赵无咎嘴里嚼着半块冷烧饼,腮帮子一鼓一鼓,像只囤粮过冬的仓鼠。他半躺在条凳上,脚尖还勾着酒葫芦晃来晃去,空的,但摇起来有风声,听着像在喝酒。
屋顶那片瓦又响了一下,比猫踩还轻,可在他耳朵里就跟广场舞音响炸了似的。
“哎哟喂,这位大哥。”他忽然咧嘴一笑,冲天棚喊,“你蹲那儿当瓦匠学徒呢?要不要我给你发个上岗证?持证上岗,安全第一。”
没人应。
他也不急,慢悠悠咽下干饼,咂咂嘴:“说真的,你们周公子这细作培训不行啊。第一课应该教‘别在别人头顶踩瓦片’,第二课是‘偷听时记得憋住呼吸’,第三课——算了,估计你们连第一课都没上完。”
屋外静得能听见蚊子放屁。
赵无咎翻了个身,脸朝上,盯着黑漆漆的房梁:“刚才那位从门缝探头的兄弟,你也别躲了。我知道你在。你这姿势不科学啊,膝盖都快跪出茧子了,要不进来坐会儿?我这儿没茶,但有烧饼渣,咱一起捡着吃,多亲热。”
还是没人动。
他嘿嘿一笑,忽然压低嗓音:“我说‘梦话’了啊——青阳城西三巷,周家细作陈某,今夜潜入驿馆,意图窃听谋士私语,结果啥也没听见,白跑一趟,回去还得挨骂。建议下次改行卖烤红薯,至少能赚口热乎的。”

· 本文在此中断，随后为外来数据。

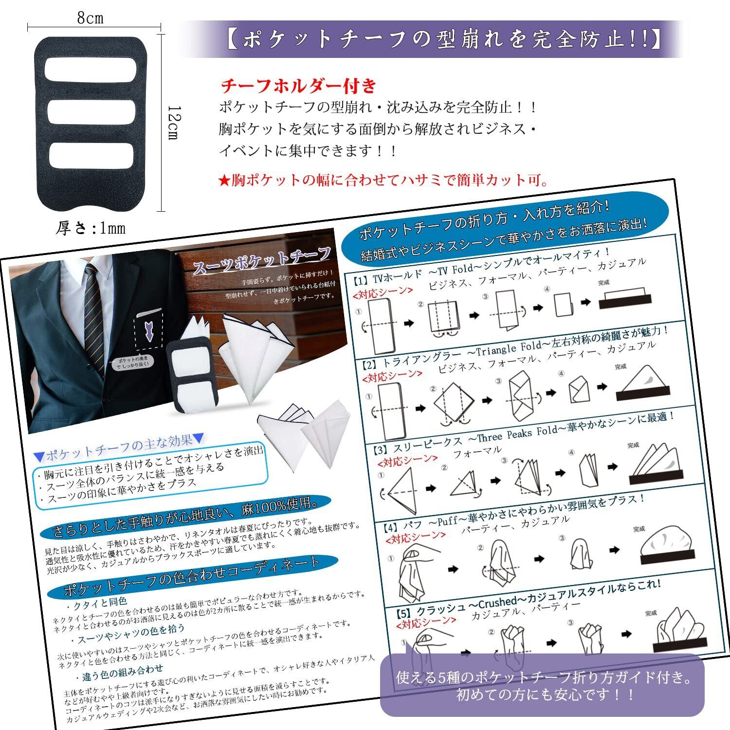 [Beirou] ポケットチーフ リネン 麻 100% 縁取り ホワイト 無地 ハンカチ メンズ 紳士 おしゃれ プレゼント 結婚式 フォーマル ビジネス カジュアル 型崩れ 防止 【ホルダーと折り方ガイド 付き】
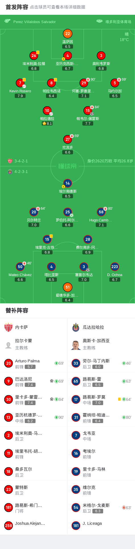第62分钟,内卡萨球员帕拉德拉助攻帕韦尔-佩雷斯打入一球。

话音刚落,屋顶那片瓦“咯”地轻响,像是有人猛地缩了下腿。
“哟?”赵无咎眉毛一挑,“反应挺快嘛。看来是听进去了?行,我不为难你,你走吧。顺便帮我带句话——周瑜要是真想了解我,不如请我吃饭。火锅安排上,咱们边涮毛肚边谈心,比派你们半夜趴屋顶强多了。”
他顿了顿,又补一句:“对了,告诉他,我这人有个弱点。”
屋顶那人果然一顿。
“啥弱点?”赵无咎自问自答,“太能吃了。一顿不吃肉,战斗力直接掉一半。你们要是哪天见我啃树皮,那就说明我真完了。”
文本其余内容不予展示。